Paxton’s legal opinion on schools risks lives
The law should mean what it says. Rule §97.6(h) of the Texas Administrative Code says: “The health authority is empowered to close any public or private child-care facility, school or other place of public or private assembly when in his or her opinion such closing is necessary to protect the public health; and such school or other place of public or private assembly shall not reopen until permitted by the health authority who caused its closure.” This law was invoked by the Harris County Health Authority this month, directing that K-12 schools in the county start operations entirely online until at least Sept. 7.
On Tuesday, Texas Attorney General Ken Paxton wrote an opinion that effectively invalidated Harris County’s control order. The Texas Education Agency accepted the opinion, and said it will defund schools that follow the orders. On Friday, Gov. Greg Abbott added his backing.
While the attorney general’s opinions are non-binding, they are entitled to some respect. So too, though, is the plain language of the law. I believe Paxton has it wrong and that his opinion is likely to kill people.

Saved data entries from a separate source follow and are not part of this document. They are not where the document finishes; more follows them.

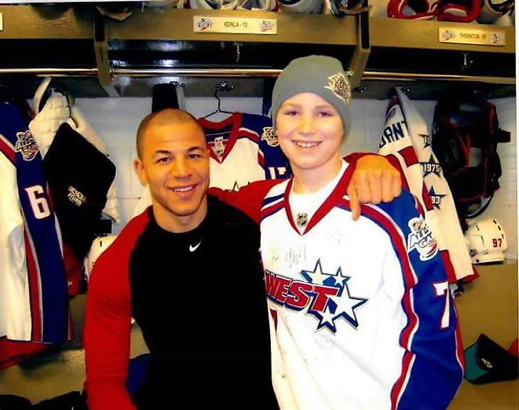 Маленький Мэттью Ткачак и Джером Игинла во время Матча звезд НХЛ. 2004 год.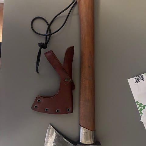 Kniv yxa läderfodral Tyskland kniv D Peres skaft av horn längd ca 24cm yxa märkt DGM länder ca 24cm bruksslitage repor märken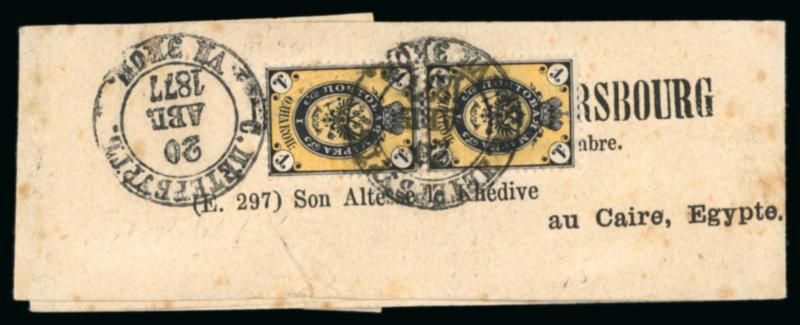 1877 (Aug 20) printed matter wrapper from St. Petersburg, to Cairo, Egypt correctly franked with a vertical pair of 1866 1k black & yellow on horizontally laid paper perf.14.5 tied by "C. PETERBURG VII EKSP. 20 AUG. 1877" cds, Trieste transit (Sept. 1, 1877), addressed to His Highness the Khedivate (of Egypt), a unique destination rarity; certificate Mikulski (1993). (Image)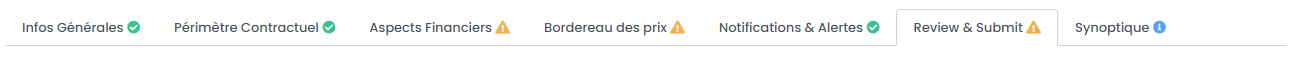 En validant cette étape, le système va vérifier que la somme de tout les montants renseignés égale le montant contractuel, pour pouvoir passer a la prochaine étape.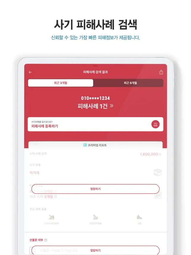 최근 6개월 동안 1건 이상 등록된 피해 정보를 검색할 수 있습니다.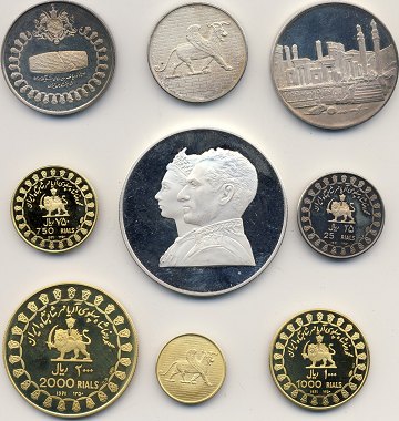Iran, 2000 - 1000 - 750 og 500 Rials 1971 i GULD samt 25 - 50 - 75 - 100 og 200 Rials i sølv 1971, komplet sæt i original æske. Til minde om 2500 året for det iranske dynasti.
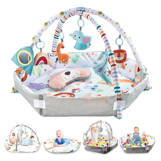 REMOKING ベビージム ベビープレイマット 赤ちゃん おもちゃ 動物の形 枕 厚み (六角形)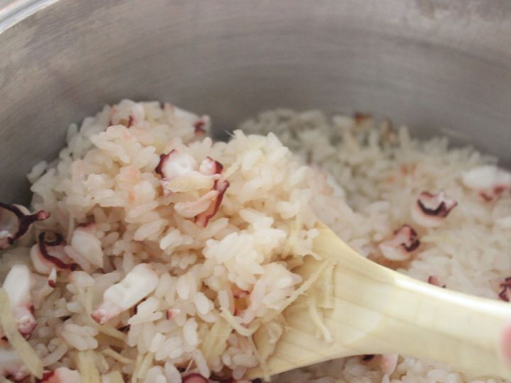 お米とたこを一緒に炊く方法や、最初にたこを煮て煮汁で炊いたごはんと最後に合わせる方法、干しだこを使って炊く方法…など実は奥が深いようですが、私は生姜たっぷりでシンプルにさっぱりと炊く方法が好きです。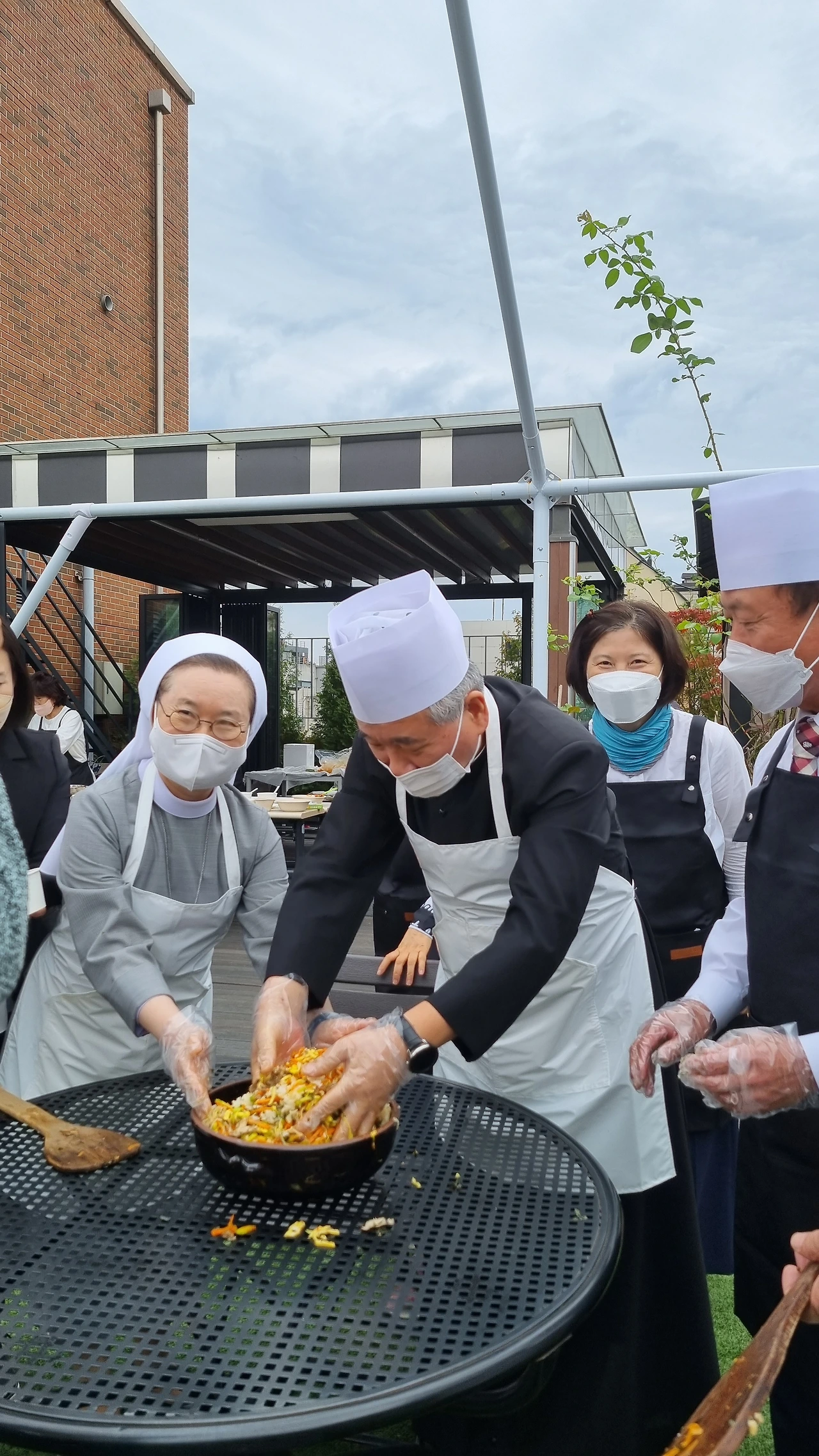 1층 만남의 방과 2층 소강당, 6층 옥상에서 전신자 비빔밥 점심 파티가 열렸다. 사십여 명의 남녀 봉사자들이 이틀 동안 희생적으로 준비해 온 헌신 덕분에 정성스럽게 준비한 점심 대접이 척척 순조롭게 이루어졌다. 혼자서 20포기의 배추김치를 담아 기증한 자매님도 있었다.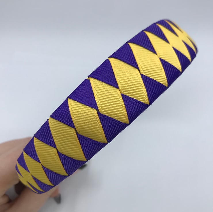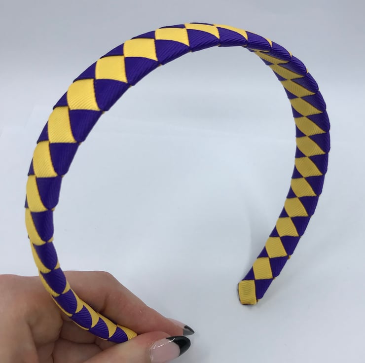 Our Diamond pleated hairbands are handmade here in our little shop. They are so cute the could compliment any school Uniform with purple and yellow gold in it. They are ideal for keeping those sneaky little curls from straying into your little one's eyes.

As a policy matter, COVID-19 has left no perfect solution. While I agree that in-person schooling K-12 is important, the preconditions cited by its strongest advocates such as low community transmission rate and strong protection for teachers are regrettably absent in many parts of Texas.
The legal issue, however, is whether Texas law empowers local public health authorities to take those considerations into account to make closure decisions in their jurisdiction or whether, no matter how high the infection rate, it is central authorities like the governor who decide.
The law appears to be clear. The provision of the administrative code cited above gives the power to local health authorities. Despite this, Paxton concludes the law doesn’t mean what it says. He argues if read literally, the law would undercut limitations on the power of local health authorities he believes exist elsewhere in Texas law.
I wouldn’t give that argument a high grade. The “limitations” he cites would cripple local health authority’s power to effectively manage dangerous diseases that cannot survive on surfaces. More importantly, Paxton really can’t explain why Texas couldn’t give local health authorities, who have the authority to take steps such as quarantining an entire county, the (supposedly) limited powers that exist elsewhere and, just as the law says, the explicit power to close schools.
The factual assumptions underlying Paxton’s reading of Texas law are flawed. He writes before closing schools as a form of “area quarantine” (which isn’t the part of the statute the Harris County order relied on), the local health authority must demonstrate “reasonable cause to believe the school, or persons within the school, are actually contaminated by or infected with a communicable disease.”
That condition will exist the instant schools reopen. The active infection rate of confirmed places like Harris County is currently about one in 100, according to the Texas Department of Health and my own calculations. If it keeps growing as it has at 2 percent per day, it will be even greater when schools reopen. Even conceding that the infection rate is lower in school-age children, any school of 500 or more students is likely to have infections. Texas law doesn’t and shouldn’t require the local authority to wait for more funerals before taking action.
All of this creates a political and logistical mess. Students, teachers and parents are still confused about teaching modalities mere weeks before classes begin. Parents and teachers deserve the stability that comes with thoughtful local decisions uninfluenced by political coercion. If Paxton’s opinion, no matter how misguided, can’t be disregarded or overturned in the time before school opens, then those in Austin need to exercise their power grab responsibility. Until the infection rate retreats, schools in hot zones must be able to teach in ways that keep the prospect of future education alive.